* [TASK ITEM]
Copy each of the following entries back without change.

Top of EXTRACTED RECORDS

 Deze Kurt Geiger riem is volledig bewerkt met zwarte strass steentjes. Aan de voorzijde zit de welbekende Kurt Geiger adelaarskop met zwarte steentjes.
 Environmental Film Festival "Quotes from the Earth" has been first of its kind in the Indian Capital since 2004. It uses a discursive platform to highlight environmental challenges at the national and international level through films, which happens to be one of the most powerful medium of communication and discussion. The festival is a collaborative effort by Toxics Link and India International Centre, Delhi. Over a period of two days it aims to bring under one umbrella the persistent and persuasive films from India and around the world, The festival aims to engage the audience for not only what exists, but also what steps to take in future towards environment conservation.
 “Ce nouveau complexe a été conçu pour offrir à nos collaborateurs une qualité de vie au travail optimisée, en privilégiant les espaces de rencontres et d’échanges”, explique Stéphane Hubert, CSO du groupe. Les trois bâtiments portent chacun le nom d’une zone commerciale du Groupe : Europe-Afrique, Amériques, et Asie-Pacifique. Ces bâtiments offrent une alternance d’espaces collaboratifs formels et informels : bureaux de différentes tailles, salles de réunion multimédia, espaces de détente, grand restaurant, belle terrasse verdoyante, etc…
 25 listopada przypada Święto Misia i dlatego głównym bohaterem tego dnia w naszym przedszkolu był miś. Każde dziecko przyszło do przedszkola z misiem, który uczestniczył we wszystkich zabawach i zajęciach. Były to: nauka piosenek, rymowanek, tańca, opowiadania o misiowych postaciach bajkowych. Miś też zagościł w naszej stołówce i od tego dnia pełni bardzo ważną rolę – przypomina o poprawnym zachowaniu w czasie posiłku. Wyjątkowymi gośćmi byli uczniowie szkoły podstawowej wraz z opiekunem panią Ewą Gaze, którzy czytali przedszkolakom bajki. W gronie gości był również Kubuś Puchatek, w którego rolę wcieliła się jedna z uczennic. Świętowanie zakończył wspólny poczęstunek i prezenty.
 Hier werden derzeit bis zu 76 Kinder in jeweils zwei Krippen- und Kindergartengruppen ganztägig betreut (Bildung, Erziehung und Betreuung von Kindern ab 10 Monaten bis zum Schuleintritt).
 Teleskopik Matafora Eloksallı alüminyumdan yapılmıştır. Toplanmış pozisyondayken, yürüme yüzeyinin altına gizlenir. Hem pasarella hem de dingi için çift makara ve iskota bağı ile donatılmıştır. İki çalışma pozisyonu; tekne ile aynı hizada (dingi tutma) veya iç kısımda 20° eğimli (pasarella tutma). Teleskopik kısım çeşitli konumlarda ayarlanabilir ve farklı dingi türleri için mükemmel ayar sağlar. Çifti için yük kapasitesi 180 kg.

Bottom of EXTRACTED RECORDS

* [RESPONSE TO THE EXERCISE]
 Deze Kurt Geiger riem is volledig bewerkt met zwarte strass steentjes. Aan de voorzijde zit de welbekende Kurt Geiger adelaarskop met zwarte steentjes.
 Environmental Film Festival "Quotes from the Earth" has been first of its kind in the Indian Capital since 2004. It uses a discursive platform to highlight environmental challenges at the national and international level through films, which happens to be one of the most powerful medium of communication and discussion. The festival is a collaborative effort by Toxics Link and India International Centre, Delhi. Over a period of two days it aims to bring under one umbrella the persistent and persuasive films from India and around the world, The festival aims to engage the audience for not only what exists, but also what steps to take in future towards environment conservation.
 “Ce nouveau complexe a été conçu pour offrir à nos collaborateurs une qualité de vie au travail optimisée, en privilégiant les espaces de rencontres et d’échanges”, explique Stéphane Hubert, CSO du groupe. Les trois bâtiments portent chacun le nom d’une zone commerciale du Groupe : Europe-Afrique, Amériques, et Asie-Pacifique. Ces bâtiments offrent une alternance d’espaces collaboratifs formels et informels : bureaux de différentes tailles, salles de réunion multimédia, espaces de détente, grand restaurant, belle terrasse verdoyante, etc…
 25 listopada przypada Święto Misia i dlatego głównym bohaterem tego dnia w naszym przedszkolu był miś. Każde dziecko przyszło do przedszkola z misiem, który uczestniczył we wszystkich zabawach i zajęciach. Były to: nauka piosenek, rymowanek, tańca, opowiadania o misiowych postaciach bajkowych. Miś też zagościł w naszej stołówce i od tego dnia pełni bardzo ważną rolę – przypomina o poprawnym zachowaniu w czasie posiłku. Wyjątkowymi gośćmi byli uczniowie szkoły podstawowej wraz z opiekunem panią Ewą Gaze, którzy czytali przedszkolakom bajki. W gronie gości był również Kubuś Puchatek, w którego rolę wcieliła się jedna z uczennic. Świętowanie zakończył wspólny poczęstunek i prezenty.
 Hier werden derzeit bis zu 76 Kinder in jeweils zwei Krippen- und Kindergartengruppen ganztägig betreut (Bildung, Erziehung und Betreuung von Kindern ab 10 Monaten bis zum Schuleintritt).
 Teleskopik Matafora Eloksallı alüminyumdan yapılmıştır. Toplanmış pozisyondayken, yürüme yüzeyinin altına gizlenir. Hem pasarella hem de dingi için çift makara ve iskota bağı ile donatılmıştır. İki çalışma pozisyonu; tekne ile aynı hizada (dingi tutma) veya iç kısımda 20° eğimli (pasarella tutma). Teleskopik kısım çeşitli konumlarda ayarlanabilir ve farklı dingi türleri için mükemmel ayar sağlar. Çifti için yük kapasitesi 180 kg.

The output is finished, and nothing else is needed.